Paleography and Pamplona — a project overview

paleography2.jpg Hi, I’m Lu Ann Homza from W & M’s Department of History.  I’m the “director” of this research project & should probably explain why Eric, Amanda, and Kim are blogging about Pamplona, the deciphering of old handwriting [called paleography] and the Inquisition. My current book project centers on the last great witch-hunt in Spain between 1609-14; for the last three years, I’ve been working in three archives in Pamplona which hold relevant sources for that project. On my last trip in May 2008, I suddenly thought how fabulous it would be to drag some undergraduates to Pamplona, too: the archives are mostly empty, the archival staff mostly appears to be under the age of 25, and crucially, the manuscripts therein are a goldmine for anyone interested in early modern Spanish history.

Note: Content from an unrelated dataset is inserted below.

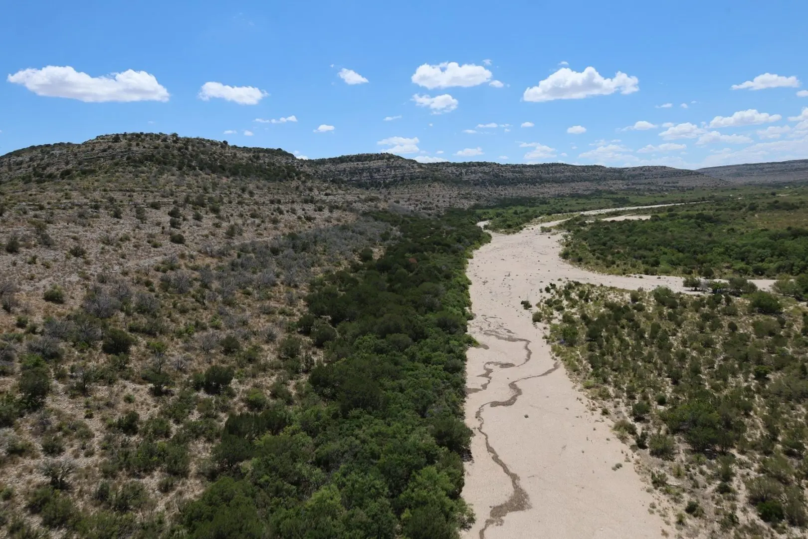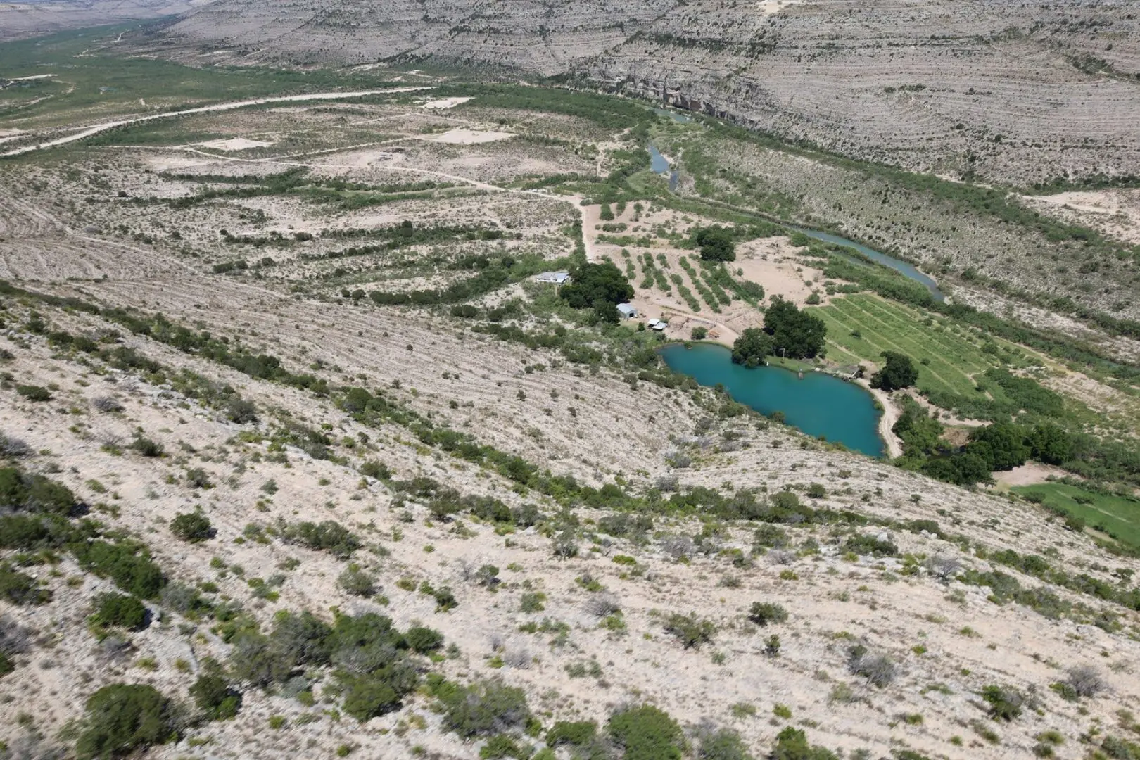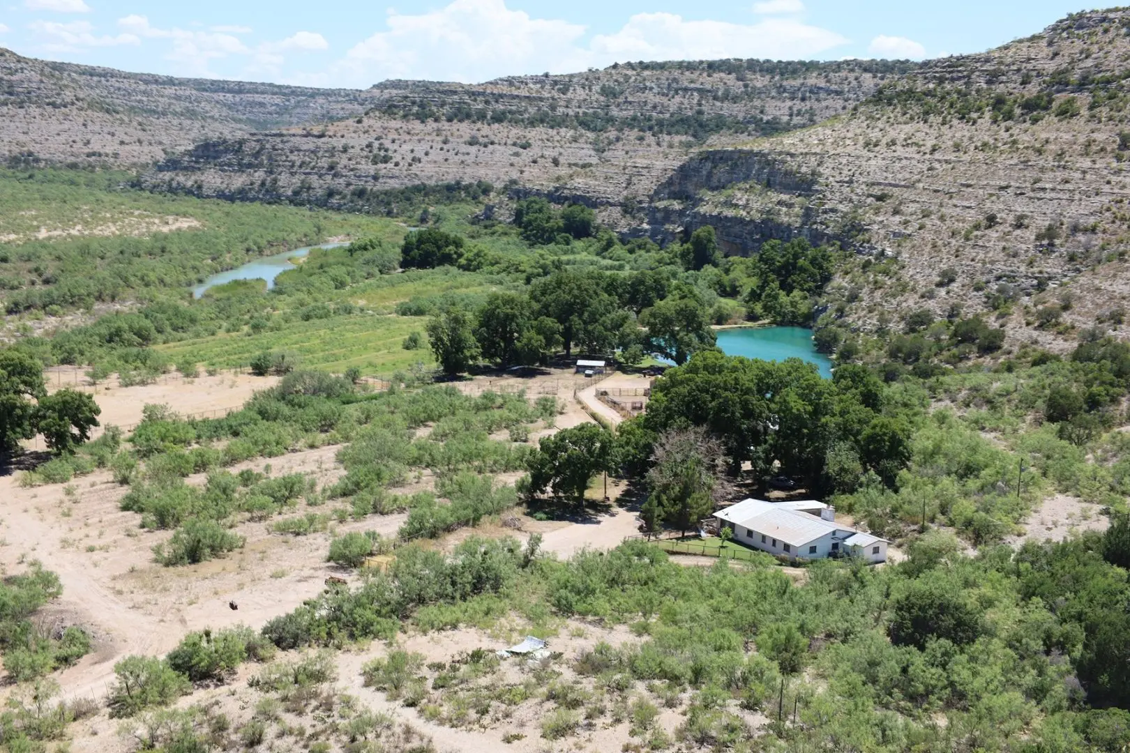 Unique with 3 sources of live water, the ranch has stands of exquisite Live Oak trees. Varieties of gramma grass can be found on the ranch, as well as desert plants such as Ocotillo, Lechuguilla, and Spanish Dagger. Texas Mountain Laurel is a popular evergreen that is abundant on the hill tops. The landscape is diverse and includes river bottom, canyons, headers, bluffs, and narrow mesas.

I then recalled Eric, Amanda, and Kim: all three had been in my Spanish Golden Age class in Spring ’08. Eric was working on a potential honors project involving a Spanish bishop from the sixteenth century. Kim and Amanda were interested in such matters as the Spanish navy, women, and religious culture (not all clustered together, though.) All three were exceptionally good readers and writers, and they all spoke and read Spanish. I consequently wrote and asked if they’d be interested in a trip over Spring Break ’09. They said they were, and so here we are, learning how to read handwriting from the period 1540-1650, and waiting to see whether the Mellon Foundation will fund this experiment. Once Amanda, Eric, and Kim know that they can read the sources, the next question is what sort of texts they will find to analyze: court cases from the viceroy’s judical system, court cases from the bishop’s judical system, censors’ reports about contraband books on British ships, testimony from suspected witches or their accusers, and so on. The aim is to find a source, describe its contents, contextualize it, and assess its methodological and theoretical implications. These students will be presenting their findings on campus on March 28, 2009, at the first Medieval and Renaissance Studies Symposium on Undergraduate Research.